Upon closing the transaction, Visa Inc. expects one-time transaction costs of approximately USD $150 million including stamp duties to be incurred in fiscal full-year 2016. Cumulative integration related costs are expected to be approximately USD $450 million to $500 millionthrough the end of fiscal full-year 2020. Approximately USD $200 million in pre-tax cost savings are expected annually, largely realized by the end of fiscal full-year 2020.

Greater detail on the terms of the preferred stock, the covered claims, and related matters can be found in Visa Inc.’s Form 8-K filed today.

Conference Call Details

Visa Inc.’s executive management team will host a conference call at 5:00 a.m. Pacific Time (8:00 a.m. Eastern Time; 1:00 p.m. UK time) today,Monday, November 2, to discuss the transaction, as well as its fiscal fourth quarter and full-year 2015 earnings results. The conference call may be accessed by dialing 888-790-4410 (within the United States) or 773-756-0127 (international). The conference passcode is 7974435. A replay of the call will be available until December 1 and can be accessed by dialing 800-925-1967. The live conference call and replay, along with supporting materials, can also be accessed through the Investor Relations section of Visa’s website at www.investor.visa.com.

Forward-Looking Statements

This release contains forward-looking statements within the meaning of the U.S. Private Securities Litigation Reform Act of 1995. Forward-looking statements generally are identified by words such as "expects," "intends," "plans," "predicts," "estimates," "may," "will," "could," "potential," "ongoing," and other similar expressions. Examples of forward-looking statements include, but are not limited to, statements Visa Inc. makes about the expected date of closing of the acquisition, the potential benefits of the transaction, Visa Inc.’s clients’ experience; Visa Inc.’s ability to create value, the transaction’s creation of scale, efficiencies and financial strength, the nature of the transaction’s financing, Visa Inc.’s plans regarding the repurchase of its class A common stock, Visa Inc.’s leverage, Visa Inc.’s ability to pursue future growth opportunities, Visa Inc.’s investment credit ratings, Visa Inc.’s earnings per share, benefits from revenue synergies, cost savings, tax savings, transaction costs and increased repurchases of its class A common stock; and the nature of current or future litigation.
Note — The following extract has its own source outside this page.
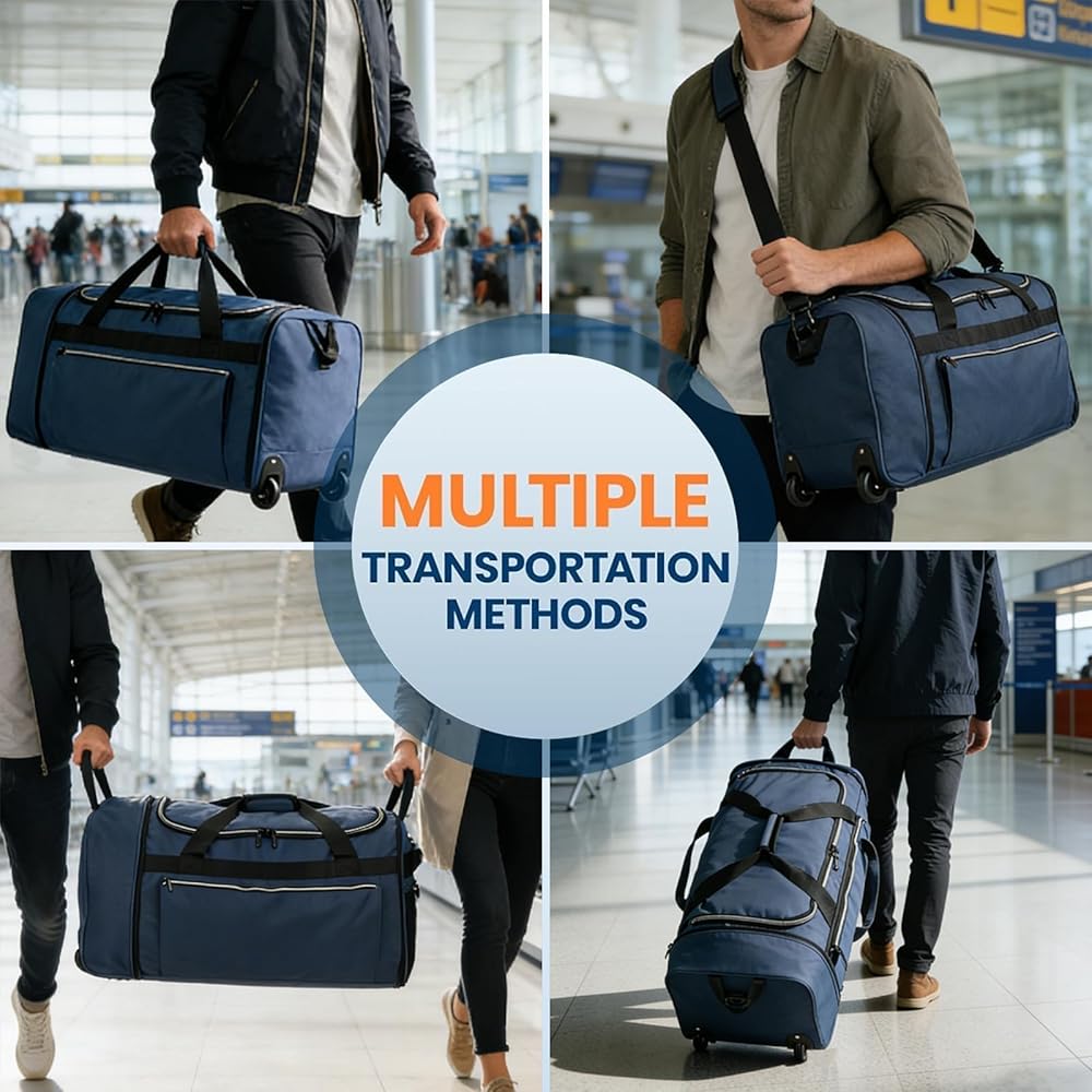عجلات شديدة التحمل وقاعدة معززة - حقيبة السفر القابلة للطي مجهزة بلوحة قاعدة معززة قابلة للطي لتعزيز المتانة وطول العمر. كما أنها تتميز بعجلتين للخدمة الشاقة موضوعتين داخل أغلفة واقية للعجلات، مما يضمن سهولة الحركة لسفر مريح وسهل.

By their nature, forward-looking statements: (i) speak only as of the date they are made; (ii) are not statements of historical fact or guarantees of future performance; and (iii) are subject to risks, uncertainties, assumptions or changes in circumstances that are difficult to predict or quantify. Therefore, actual results could differ materially and adversely from Visa Inc.’s forward-looking statements due to a variety of factors, including the following: the risk that the transaction may not be consummated; the risk that Visa Europe’s business will not be successfully integrated with Visa Inc.'s business; costs associated with the acquisition; matters arising in connection with the parties' efforts to comply with and satisfy applicable regulatory approvals and closing conditions relating to the transaction; the impact of laws, regulations and marketplace barriers; developments in litigation and government enforcement, including those affecting interchange reimbursement fees, antitrust and tax; new lawsuits, investigations or proceedings, or changes to Visa Inc.’s potential exposure in connection with pending lawsuits, investigations or proceedings; economic factors; industry developments, such as competitive pressure, rapid technological developments and disintermediation from Visa Inc.’s payments network; system developments; the loss of organizational effectiveness or key employees; the failure to integrate other acquisitions successfully or to effectively develop new products and businesses; natural disasters, terrorist attacks, military or political conflicts, and public health emergencies; and various other factors, including those most fully described in Visa Inc.’s filings with the U.S. Securities and Exchange Commission, including its Annual Report on Form 10-K for the fiscal year ended September 30, 2014 and its subsequent reports on Forms 10-Q and 8-K.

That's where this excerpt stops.